In the private sector, tighter lending standards (combined with only gradual easing of interest rates) are expected to constrain project financing and squeeze contractor margins, especially in the commercial and residential sectors.
This tighter environment means increased scrutiny and documentation, higher equity contributions, larger contingency reserves, stronger borrower profiles, emphasis on specific asset classes, technological integrations and a focus on sustainability. These lender requirements are especially prevalent with larger, traditional banks, causing a shift to private credit, which offers more flexibility — but often at a premium interest rate.
Policy, tariffs and public funding
Tariff uncertainty and trade policy are expected to keep input prices volatile and complicate long-term contracting. Construction contract language is evolving to contemplate tariff-adjustment or escalation clauses, which operate to pass those costs directly to the owner. On the public side, major infrastructure and energy-related programs such as the Infrastructure and Jobs Act of 2021 face sunset dates and potential federal spending cutbacks in late 2026, creating risk for firms heavily reliant on government work and requiring more careful backlog and cash‑flow planning. Nevertheless, current trends suggest the need for institutional, infrastructure, data centers and certain energy projects remains relatively stable.
Labor shortages
The industry continues to face a severe shortage of skilled craft workers and supervisors, driven by an aging workforce and too few young entrants, with projections indicating a need for hundreds of thousands of additional workers by 2026 in the U.S. alone.
Additionally, construction wages are rising faster than the broader economy, and tighter immigration policy has added more upward pressure.

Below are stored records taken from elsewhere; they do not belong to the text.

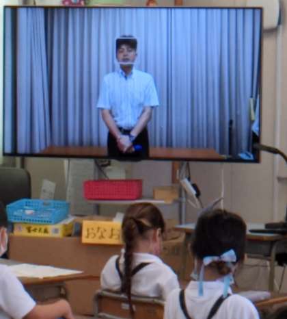 あいにくのお天気でしたので、児童は教室でお話を聞きました。
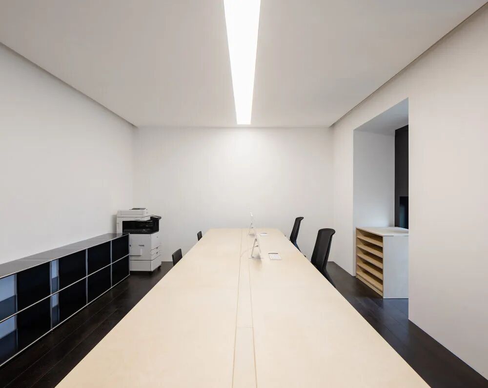 墙面阴阳角均嵌入铝条收口,使空间呈现精确的直线。面使用了德国panDOMO磐多魔工艺,混凝土与水泥组合的成分呈现自然浅灰,并提供更优的耐磨性与防滑度。墙顶面使用了美国BenjaminMoore涂料,一款高环保标准的百年产品,并由专门工匠师傅进行粉刷;白墙看起来几乎完全平滑,实则略有不规则磨砂肌理,轻柔地反映自然光线,形成精致的阴影。内配置专业展馆照明系统,由Artemide灯光提供。
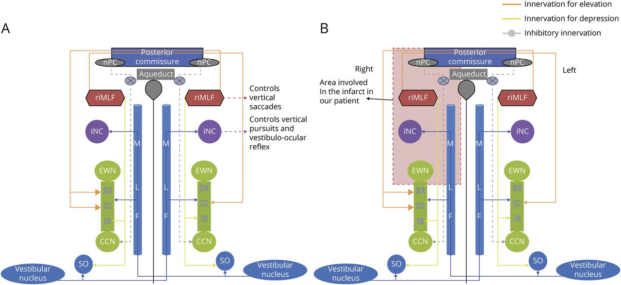 (A)垂直注视中心,它们的功能和联系。(B)本例中受梗死影响的区域。CCN =中央尾核;EWN =埃丁格-韦斯特法尔核;iNC = Cajal间质核;IO =下斜肌;IR =下直肌;后连合核;riMLF =内侧纵束口侧间质核;SO =上斜肌; SR = superior rectus.

As a result, project costs will go up, schedules will lengthen, and this will make staffing complex projects — data centers, manufacturing, and infrastructure — particularly difficult.
In order to position themselves against the labor and talent shortage, contractors might consider adopting digital tools. That could include BIM, drones, data analytics to control costs and mitigate disputes and leveraging artificial intelligence.
Demand shifts
Forecasts point to sluggish or declining spend in some commercial and manufacturing segments as data centers, energy and infrastructure projects expand. This uneven demand will press contractors to adjust portfolios, pursue new sectors and manage overcapacity or understaffing depending on region and specialty. Data centers and megaprojects are the place to be in 2026, but with that comes increased competition for those jobs, as well as the skilled workers needed to build them.
In response to a continuing housing shortage, reconstruction projects and adaptive reuse are gaining momentum, which attempt to solve the issue of the housing shortage while utilizing underutilized commercial and office buildings. To that end, the ROAD to Housing Act directs HUD to develop best practices to provide municipal governments with options to increase housing at the local level.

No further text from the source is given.